Ameren announces solar energy demonstration initiatives for Missouri and Illinois

By Cheryl Wittenauer, AP
Wednesday, December 2, 2009

Ameren plans solar projects in Missouri, Illinois

ST. LOUIS — Ameren Corp. will build solar energy systems in Missouri and Illinois to explore how best to use the sun to generate electricity, the St. Louis-based utility said.

Ameren plans a solar demonstration project at its St. Louis headquarters, and another at a site to be determined in Illinois.

The electric company tapped Kansas City engineering firm Burns & McDonnell to design the projects, which it will evaluate for efficiency and effectiveness. At least three different technologies will be used and tested.

Once the systems are running late next year, Ameren will share its findings online with customers who may be considering installing their own solar energy systems.

Ameren currently has no solar projects, although it is working with wind, methane and other alternatives to fossil fuels. It is under mandates in both states to have part of its energy portfolio in renewable energy.

Ameren president Thomas Voss said the company has been evaluating solar energy for its headquarters for years, and tracking technological developments. Costs of solar power installations have dropped significantly, which helped prompt the timing of the decision announced Tuesday.

Ameren’s solar installations should generate from 25 to 550 kilowatts of power.

Ameren’s current energy portfolio consists of 85 percent coal, 10 percent to 15 percent nuclear, and a smattering of hydroelectric, gas and other sources.

Ameren and Missouri’s two other investor-owned electric utilities are required by last year’s passage of Proposition C to generate or purchase 15 percent of their electricity from renewable sources by 2021.

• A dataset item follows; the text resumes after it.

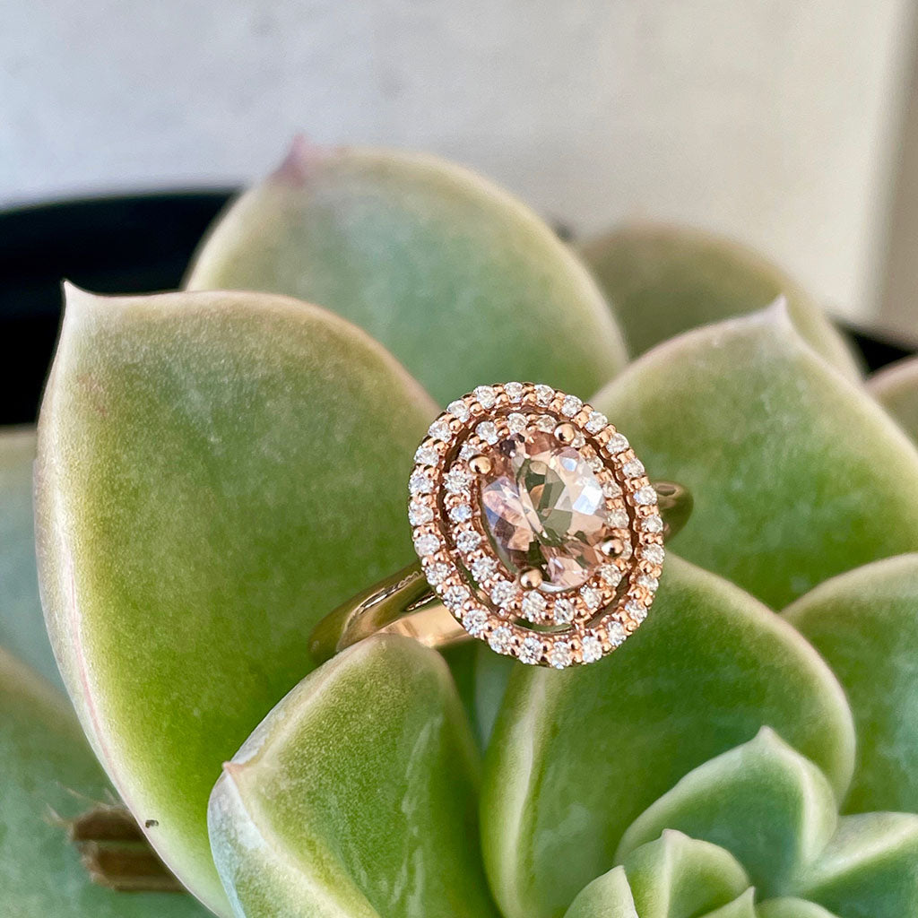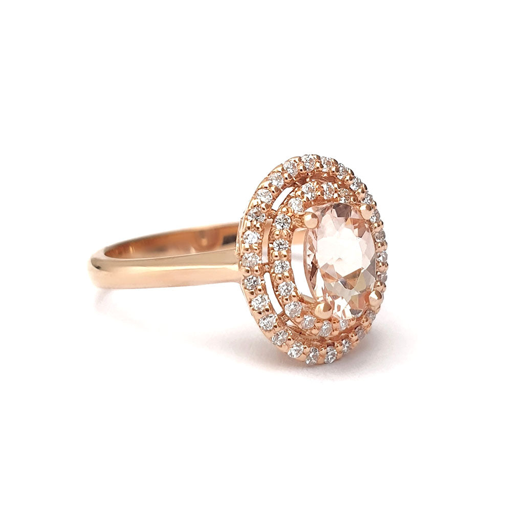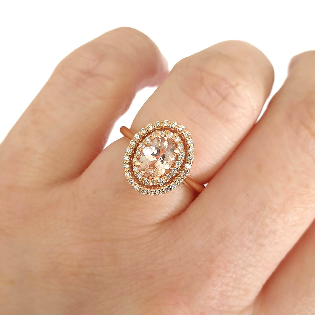 Glamorous Oval Morganite and Double Diamond Halo Rose Gold Ring

Those sources include solar, wind, methane, hydropower, along with wood, crops and other forms of biomass — but not nuclear — at graduated target levels, starting with 2 percent by 2011. At least 2 percent must be solar sources.

Any rate increase cannot exceed 1 percent.

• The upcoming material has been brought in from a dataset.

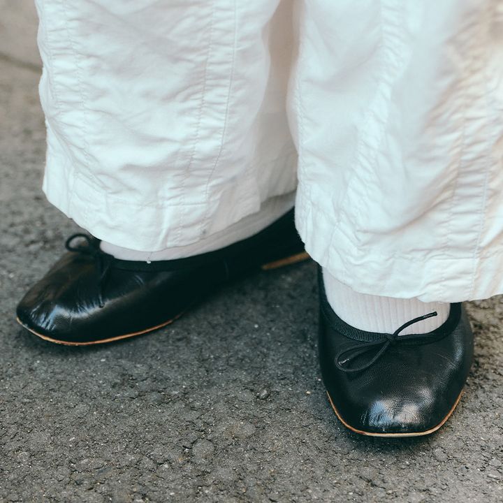 カーゴパンツから覗くのバレエシューズをキャッチ! メンズライクなコーデに女性らしさをひとさじ。

Voss and Burns & McDonnell’s vice president Breck Washam said Missouri has little wind resources — outside of northwest Missouri — and is not reliable for solar. They said Illinois has slightly better wind resources.

“But we know people want to see it happen here,” Voss said.

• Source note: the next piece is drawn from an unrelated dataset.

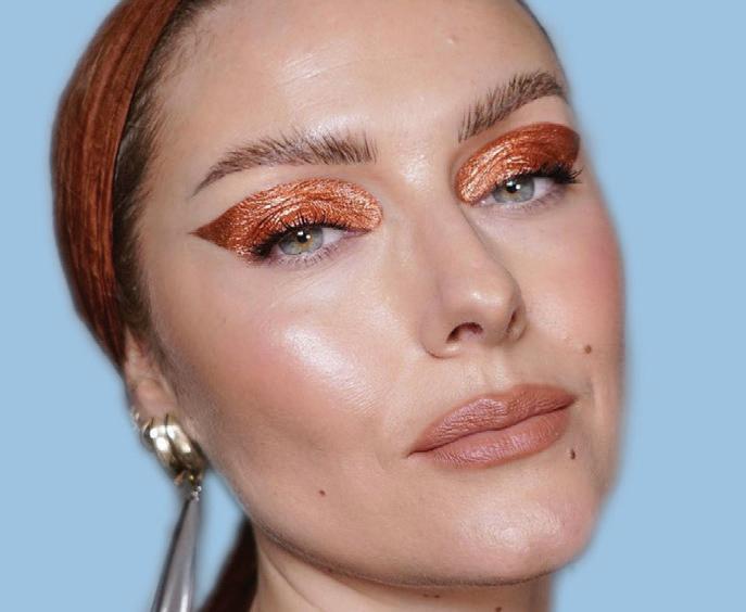 Choose a cream or liquid shimmer shadow in a shade that contrasts with the depth of your skin. Use a flat eye shadow brush to apply the shadow in a thick wing that extends up your lid and above your crease. You can use an eyeliner brush dipped in micellar water or a makeup wipe to clean up the edges.

Until recently, Washam added, solar energy costs have been formidable.

Ameren said it’s taken various steps to develop renewable energy and encourage more efficient use of energy.

Next year, AmerenUE will begin offering rebates for qualified new solar electric installations.

It recently agreed to buy enough wind power for 26,000 Missouri households.

In September, the utility announced plans to generate power by burning methane gas at a solid waste landfill in suburban St. Louis. When completed in 2011, the project is expected to produce electricity for 10,000 homes.

And through AmerenUE’s Pure Power, customers may opt to pay slightly higher energy bills to buy renewable energy credits, which encourage development of renewable resources.

Ameren had planned to build a second nuclear reactor in mid-Missouri. But earlier this year, the company suspended those plans after lawmakers failed to repeal a 1976 law barring utilities from charging customers for certain costs of a new power plant before it starts producing electricity.

AmerenUE officials said without repeal of that law, it was unlikely they could amass sufficient private capital for the project.

Burns & McDonnell has designed and managed renewable energy installations throughout the U.S. and world, and just completed its own corporate headquarters demonstration project in Kansas City, Washam said.

He said the various solar technologies to be installed at the St. Louis and Illinois sites will be judged on power production, life expectancy and other variables.